Quelle pédagogie pour l’égalité ?

Question d’agir ensuite : comment mettre en œuvre une pédagogie pour l’égalité ? Quelles sont les ressources à mobiliser et les activités à mettre en œuvre ? Hugues Demoulin examine quelques axes de réflexion et d’évolution. La déconstruction des stéréotypes, d’abord : catégories cognitives, ils relèvent de croyances acquises que l’on prend pour des savoirs informatifs (par exemple : « les garçons ont besoin de se dépenser physiquement »). Ils sont à distinguer des préjugés, attitudes évaluatives (généralement négatives) et des discriminations, qui sont des conduites pratiques n’impliquant pas une position de pensée particulière : on peut appliquer une politique de discrimination sans partager de préjugés. La question est de chercher comment éviter d’activer ces stéréotypes dans l’éducation, sachant qu’ils sont ancrés profondément dans l’imaginaire collectif. Un autre axe de réflexion porte sur les « minoritaires de genre », c’est-à-dire les élèves fortement minoritaires (en tant que filles ou garçons) dans leur environnement d’études ou de formation. Enfin, la réflexion sur les « compétences psycho-sociales » permet de s’interroger sur la manière dont les assignations de genre influent sur les capacités des élèves à développer des capacités nécessaires à leur bien-être.

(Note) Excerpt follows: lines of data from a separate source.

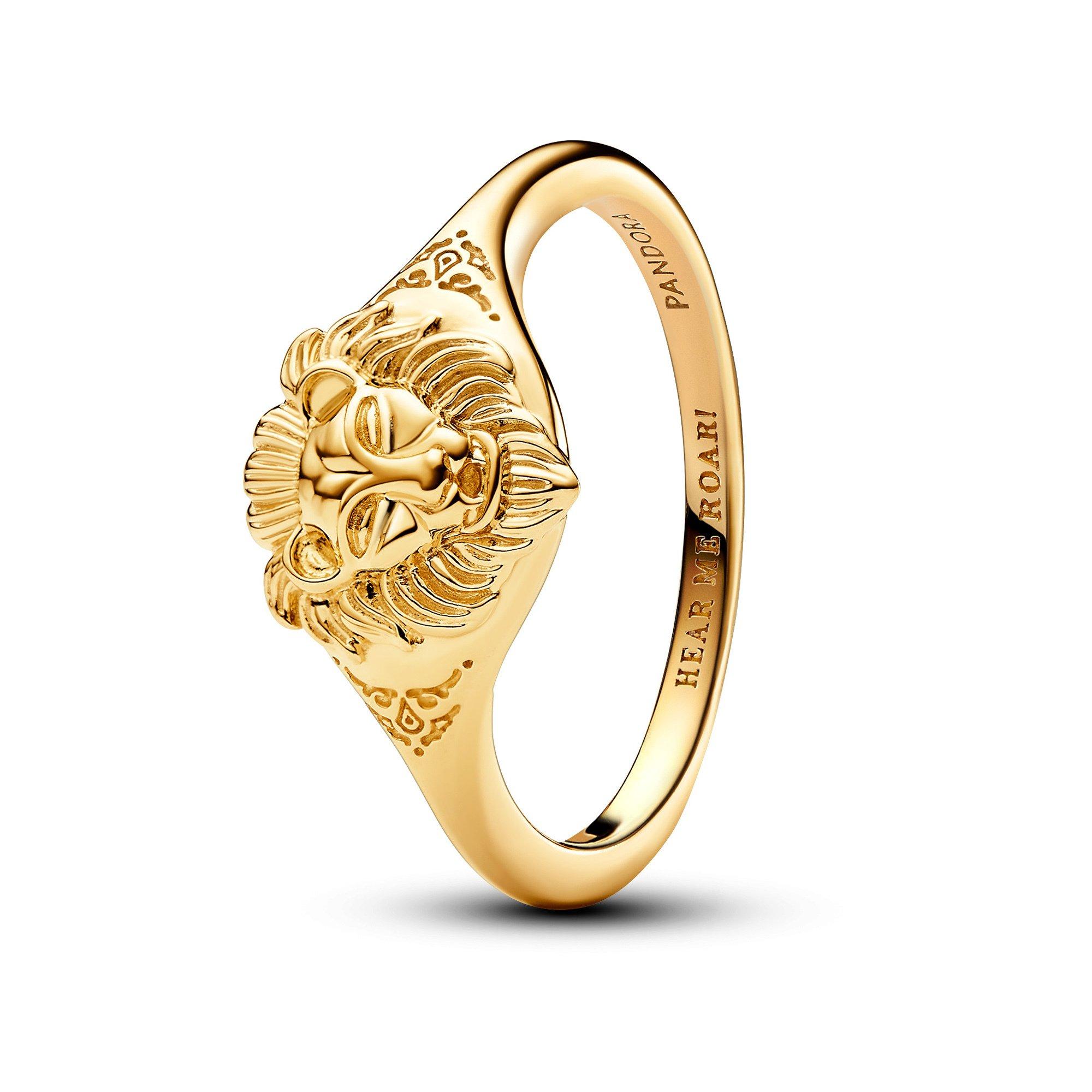 Dimostra il tuo lato più iconico con l'anello Leone dei Lannister della collezione Game of Thrones x Pandora. Perfetto per le amanti del clan Lannister, questo anello con placcatura in oro presenta l'incisione "HEAR ME ROAR" (ASCOLTA IL MIO RUGGITO) insieme al motivo della testa di leone. Ispirato all'anello di Tyrion Lannister, rappresenta un sigillo di famiglia. Indossalo come simbolo di orgoglio verso la tua famiglia o regalalo a un’amante di Game of Thrones.
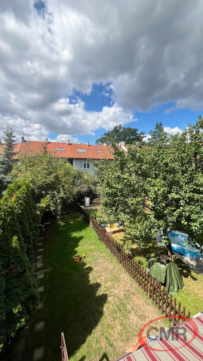 Velmi pěkný, útulný řadový RD dispozičně řešený 4+kk 120 m2 s balkonem, terasou předzahrádkou a zadní zahrádkou, situovaný v atraktivní, vyhledávané lokalitě P-10, Strašnice. V 1PP je obývací pokoj s kuchyňským koutem se vstupem na terasu a zadní zahrádku, koupelna se sprchovým koutem společná s WC a vstupní chodba z předzahrádky. V 1NP jsou dvě samostatné prostorné ložnice, jedna s balkonem orientovaným na Z do zadní zahrádky, dále je zde prostorná koupelna s vanou a bidetem společná s WC. V podkroví je velký otevřený prostor s úložnými prostory. Kuchyňská linka je vybavena sporákem se sklokeramickou deskou s horkovzdušnou troubou, lednicí a myčkou. Topení a ohřev vody vlastním plynovým kotlem. Jedná se o velmi příjemné, klidné místo obklopené zelení. velkou výhodou je výborné dopravní spojené do centra cca 20 min . V místě veškerá občanská vybavenost. Volné ihned! Vřele doporučuji prohlídku!
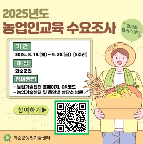 ![]() 화순군, 2025년도 농업인 교육 운영 수요조사 |
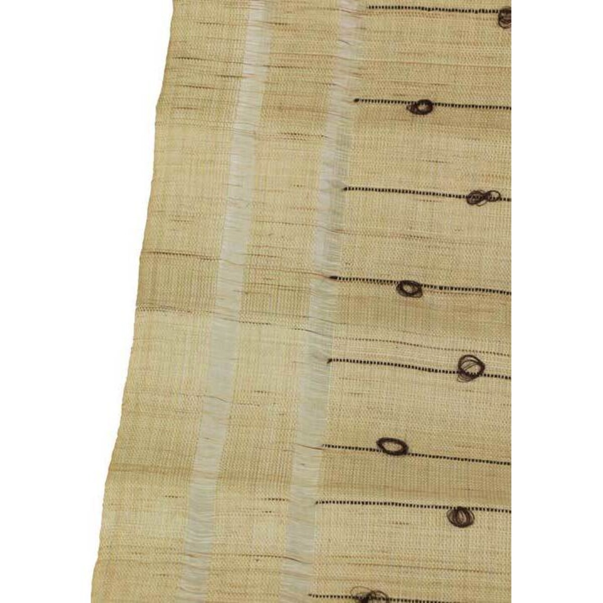 This beige and white table runner encompasses the best of the old world design and fabric usage with the most modern and contemporary of styling. Made from the super absorbent and fade or crush resistant ramie yarn, the runner will not just make a rather elegant statement on the table but will also provide the rest of the room with a neutral colour theme to get the look centred around it. So white china will sparkle more and crystal will look all the more dazzling on the table. When set along with serviettes and placemats that are bright they will get off set by the quietness of this runner. Easy to wash and maintain the classic beauty of this runner will be something that you will be able to combine with any number of different colour combinations. The natural knots can be seen in darker thread and the white bold white stripes along with the black thread design will look delicate and understated in its beauty. The width of the runner is at 43 cm and the length is 150 cm.
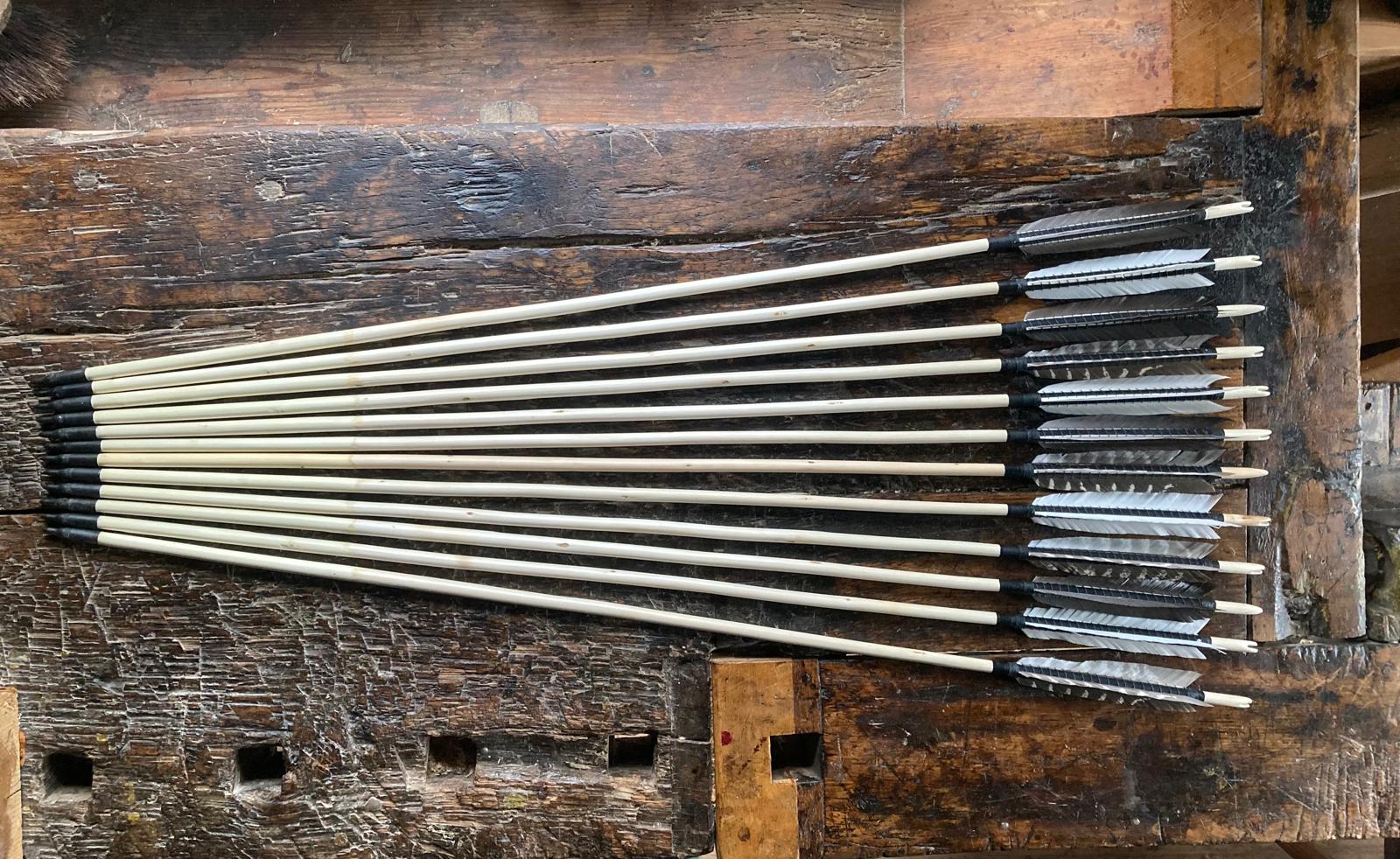 12 neue Schösslingspfeile, Hasel mit Vorschaft aus Hartriegel
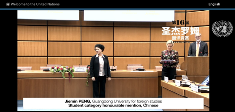 近日,第16届联合国圣杰罗姆翻译竞赛颁奖典礼在联合国维也纳办事处(UNOV)举行,揭晓获奖名单,我校高翻学院硕士研究生彭杰敏获英译汉学生组别荣誉奖(二等奖)。
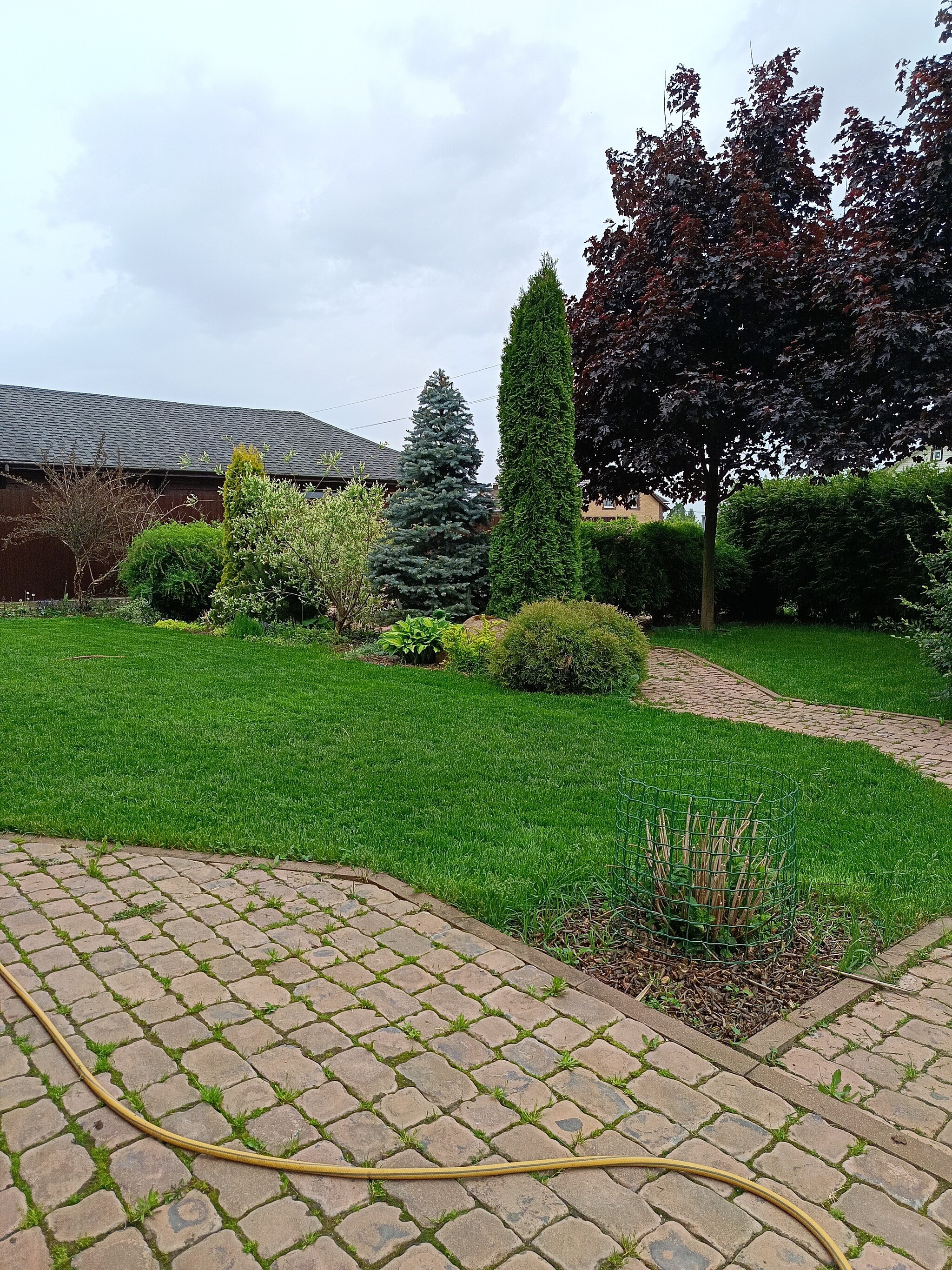 Соседей нет, наш участок был крайним, за забором ручей глубиной сантиметра 3, в котором часто утки с утятами плавали, огибает этот ручей наверное всю деревню, за ним холм, весь в цветущей дикой землянике и кротовьих норах (красота неописуемая, если честно).
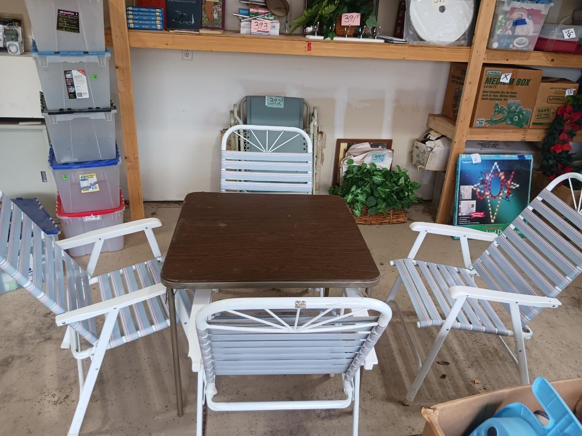 CARD TABLE W/ FOUR FOLDING CHAIRS
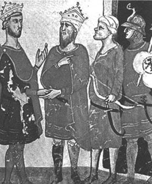 腓特烈二世会见埃及苏丹。神圣罗马帝国皇帝腓特烈二世的幼年时代是在教皇英诺森三世的庇护下长大的,并在其帮助下登上了帝位。而腓特烈二世也组织了第四次十字军东征作为回报,在这次东征中他避免任何战场上的交锋,通过谈判收复了耶路撒冷,并重建了耶路撒冷王国,自任国王。教皇英诺森三世死后,腓特烈二世与继任教皇的关系迅速僵化,屡次发生冲突
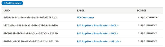 As discussed in the design considerations that virtual objects in the application store must be protected from unauthorized access. For this, the OAuth2 module has been utilized which enables effective authorization. In the OAuth2 system, one requirement is to register all clients who tend to interact with the system. The client is the application that would like to access the user’s account on the system, and upon registration, the client will be associated with a role and user on the system. The difference between users and clients is that clients can be machine or IoT gateways or even smart things. Some clients don’t need users, and they autonomously post contents without user intervention. When a client is registered on the system, it has been assigned with client unique user id (UUID) and secret code which can be used as mandatory parameters in OAuth access token grant request.
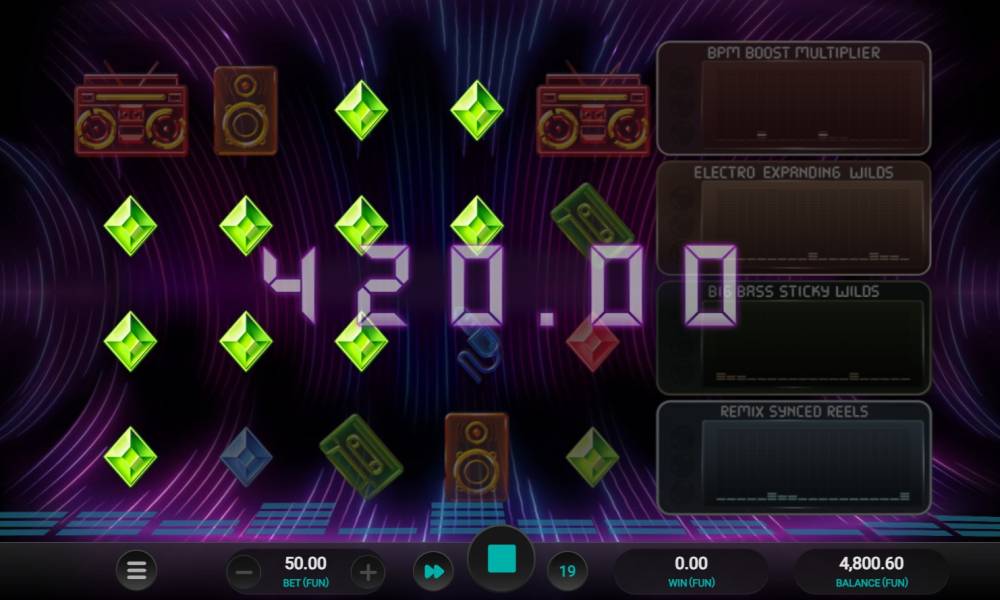 | Bonus games | Free Spins, Expanding Wilds, BPM Boost Multiplier, Big Bass Sticky Wilds, Remix Synced Reels |
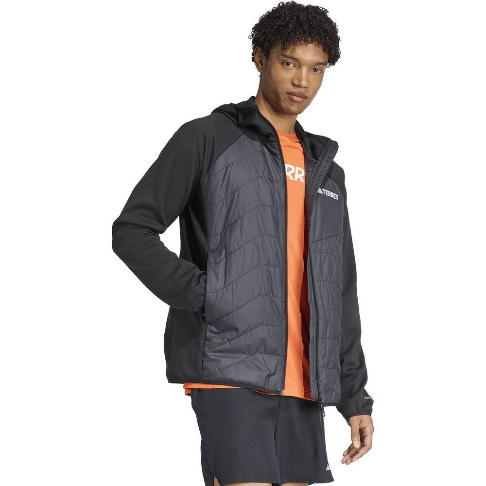 adidas Terrexの中わた入りハイキングジャケットが、気まぐれな山の天気への対応をサポートしてくれる。ニットとウーブン素材に、厚みを抑えた中わた素材を組み合わせたハイブリッド構造。ボディマッピング構造で、風を防ぎつつ、通気性が求められる部分にはしっかりと空気を通す設計。小雨も弾く。熱をウェアの内部に閉じ込めながら、汗を外部に放出して身体を冷やさないクライマウォームを採用。貴重品を携帯しやすいジップポケット付き。必要なときにしっかりカバーできるフードも装備している。保温性の高い素材が熱を逃さず、快適な体温を維持できる。悪天候をものともしない、保温性と撥水性による優れた保護機能を発揮するシェルレイヤー。
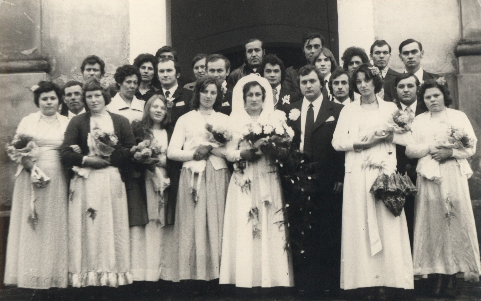 Nyilvános 1654 | 5133 | 1980-85. Kiskomáromi templom előtt. Baranyai József és Horváth Márta esküvője. Első sor: Baranyai Józseftől jobbra: Tarsoly Erika, Horváth István, Barsó Ferencné. Menyasszonytól balra: 3. Paprika Erzsébet, Muszka Lászlóné. | Második sor: 1. Horváth Jenő, Tarsoly Istvánné ... menyasszony mögött jobbra Horváth józsef. Harmadik sor: Jobbról balra: Szőke József, Horváth Ferenc, valamilyen Józsefné, 5. hátul Csizmadia József 6. Baranyai Gyula |
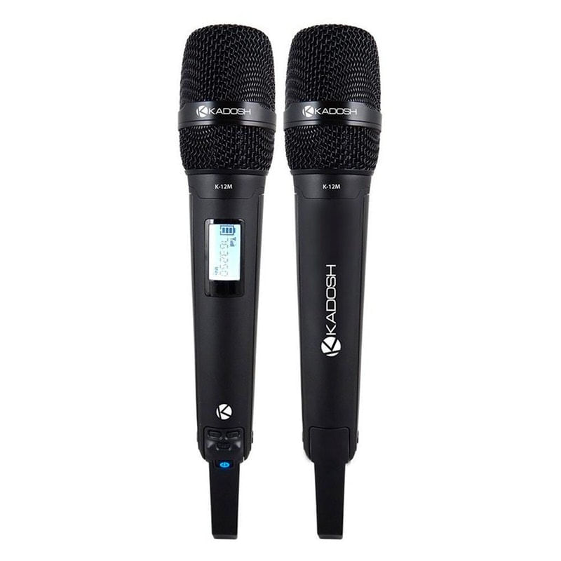 Microfone Sem Fio Kadosh Kdsw-1201M..Microfone único sem fio UHF destinado ao uso em médios e grandes eventos para locução e canto. Capacidade de operação de até 8 sistemas do mesmo modelo desde que o usuário atenda as regras de uso do produto – Não colocar as bases em cima da outra, não cruzar as antenas de outras bases, dar uma distância mínima necessária de 7 cm de cada base, fazer coordenação de frequências – aconselha-se 6Mhz.. .BASE/RX/RECEIVER: Possui 2 antenas Omnidirecional de 1/2 comprimento de onda com conexão BNC, display com informações básicas e necessárias ao usuário (Canal, Frequência, Nível de AF e RF e Antena usada (A/B).. .HANDHELD/TX/BASTÃO: Possui cápsula exclusiva KADOSH K12m, display iluminado na com informações necessárias (frequência, nível de carga das pilhas AA), alimentação com 2 pilhas tipo AA (recomenda-se o uso de Alcalinas). Alerta em forma de pisca e indicação de nível baixo de bateria (low bat).. .Handheld (bastão). .- Globo e corpo em alumínio com pintura especial black piano,.- Cápsula exclusiva Kadosh K12M – Dinâmico Cardióide,.- Botão On/Off – Não possui a função MUTE,.- Botão de navegação para seleção de frequência manual,.- Range de Frequência: 628.0mhz – 647.750mhz,.- Resposta de frequência: 63Hz – 18.000hz,.- Sincronização rápida através de IR,.- Display com informações: Frequência e Nível da carga das pilhas AA,.- Duração de carga com pilha AA: 8h de uso contínuo (Pilhas Alcalinas).
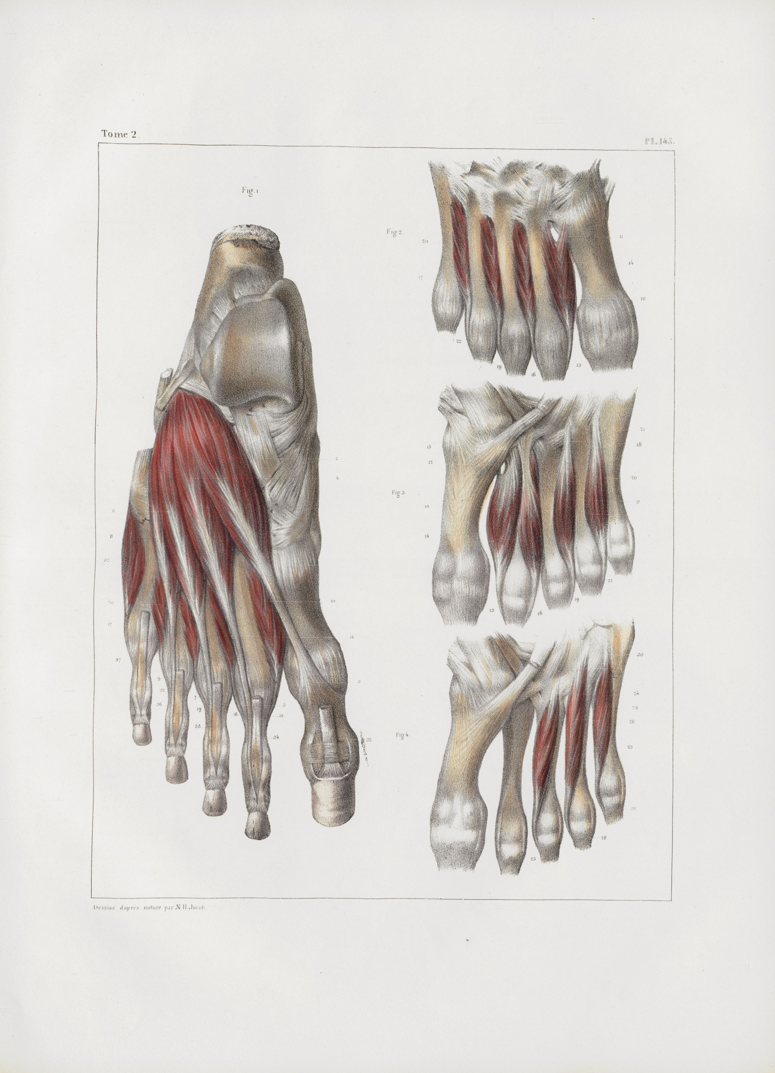 Planche 145 - Muscles du pied - Plans profonds, dorsal et plantaire - Traité complet de l'anatomie de l'homme, par les Drs Bourgery et Claude Bernard et le professeur-dessinateur-anatomiste N.H. Jacob, avec le concours de Ludovic Hirschfeld. Tome deuxième.

Tous ces éléments incitent, comme le conseille l’auteur, à se pencher sur les manières de faire évoluer l’approche du genre à l’école, dans une perspective inter-disciplinaire et transversale, qui peut aussi faire intervenir la gestion des ressources humaines, le lien avec les parents ou les effets croisés du genre et de la culture. Comme le souligne Hugues Demoulin, c’est dans la vie quotidienne que les inégalités se naturalisent, c’est par l’éducation qu’elles peuvent se déconstruire.